# Work required
Beginning with the line that holds "Dell EcoLoop Urban" and ending with the last line, please repeat the entries exactly and omit the pictures.
/---
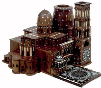
Model van de Heilige-Grafkerk te Jeruzalem, Betlehem?, ca. 1675

Voor moslims is Jeruzalem heilig omdat Isai (Jezus), voor hen een profeet, hier gestorven is. Mohammed zou hier tijdens een nachtelijk visioen naar de hemel zijn opgestegen. Op de plaats waar Mohammed naar boven zweefde, is later de Rotskoepel gebouwd. Voor de joden is Jeruzalem heilig omdat koning David deze plek tot zijn stad maakte en koning Salomo hier zijn tempel bouwde. De Klaagmuur staat op de plek waar ooit het joodse tempelcomplex stond.
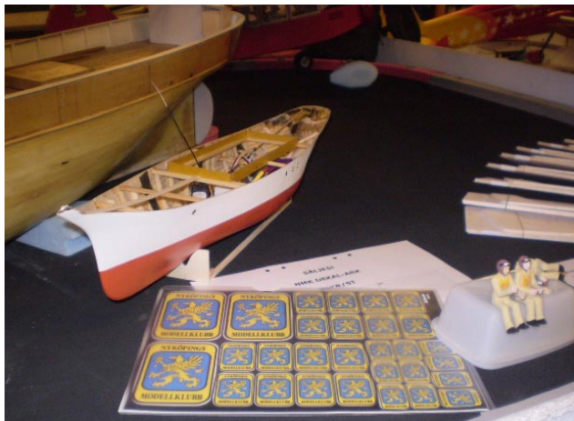
Här ser man aktern på Sotarns väldiga skonare, sedan Georgs lustjakt, NMKs dekalark och längst till höger gubbarna till S18.
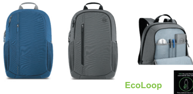
Dell EcoLoop Urban バックパック グレー CP4523G : 20ℓ 460-BDKP ブルー CP4523B : 20ℓ 460-BDLD

画面サイズが 15 インチまでのほとんどの Dell 製ノートパソコンに対応します。専用のパッド付きスリーブで PC を保護します。前部分の整理スペースにはペンスロットとスリッ ポケットがあり、マウスやモバイル バッテリーなどの小アイテムを収納できます。縦型ポケットは必需品をすばやく簡単に出し入れできます。両側には伸縮するメッシュ ポケットがあり、水筒、傘などのアイテムを収納できます。
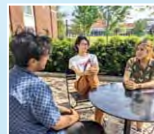
「ATOPからや長海外大学期休業へ進学した南高生」

DePauw大学は、アメリカのインディアナ州にある小規模なリベラルアーツスクールです。リベラルアーツスクールというのは文理関係なく専攻を選ぶことができる学校で、私はここで映画学とデータサイエンスを学んでいます。生徒の多くがグリークライフに入っているのが特徴で、ドラマで見るようなパーティーが盛んです。非常に治安も良く、オープンマインドな人が多いです。遊ぶときは遊び、学ぶときは学ぶ、メリハリのある校風だと思います。また、多様性を重んじている学校で、アジアからの留学生が多いです。日本人学生で協力して、ラーメンフェスティバルや緑日など、日本文化を体験してもらいイベントを行っています。自分の個性を伸ばしつつ、主体的な学びの場としてとても良いところです。後輩が来るのを心待ちにしています!
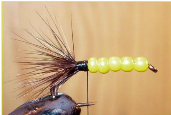
Etape 7 : avec la soie de montage passer plusieurs fois sur la base des fibres pour que celles-ci soient bloquées vers l'arrière.
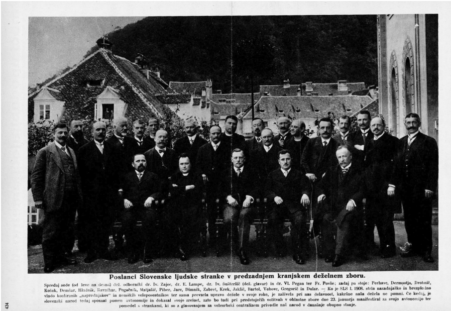
Slika 2: Poslanci Slovenske ljudske stranke v letih 1908–1913.
\---
# Solution for this task
Dell EcoLoop Urban バックパック グレー CP4523G : 20ℓ 460-BDKP ブルー CP4523B : 20ℓ 460-BDLD

画面サイズが 15 インチまでのほとんどの Dell 製ノートパソコンに対応します。専用のパッド付きスリーブで PC を保護します。前部分の整理スペースにはペンスロットとスリッ ポケットがあり、マウスやモバイル バッテリーなどの小アイテムを収納できます。縦型ポケットは必需品をすばやく簡単に出し入れできます。両側には伸縮するメッシュ ポケットがあり、水筒、傘などのアイテムを収納できます。
「ATOPからや長海外大学期休業へ進学した南高生」

DePauw大学は、アメリカのインディアナ州にある小規模なリベラルアーツスクールです。リベラルアーツスクールというのは文理関係なく専攻を選ぶことができる学校で、私はここで映画学とデータサイエンスを学んでいます。生徒の多くがグリークライフに入っているのが特徴で、ドラマで見るようなパーティーが盛んです。非常に治安も良く、オープンマインドな人が多いです。遊ぶときは遊び、学ぶときは学ぶ、メリハリのある校風だと思います。また、多様性を重んじている学校で、アジアからの留学生が多いです。日本人学生で協力して、ラーメンフェスティバルや緑日など、日本文化を体験してもらいイベントを行っています。自分の個性を伸ばしつつ、主体的な学びの場としてとても良いところです。後輩が来るのを心待ちにしています!
Etape 7 : avec la soie de montage passer plusieurs fois sur la base des fibres pour que celles-ci soient bloquées vers l'arrière.
Slika 2: Poslanci Slovenske ljudske stranke v letih 1908–1913.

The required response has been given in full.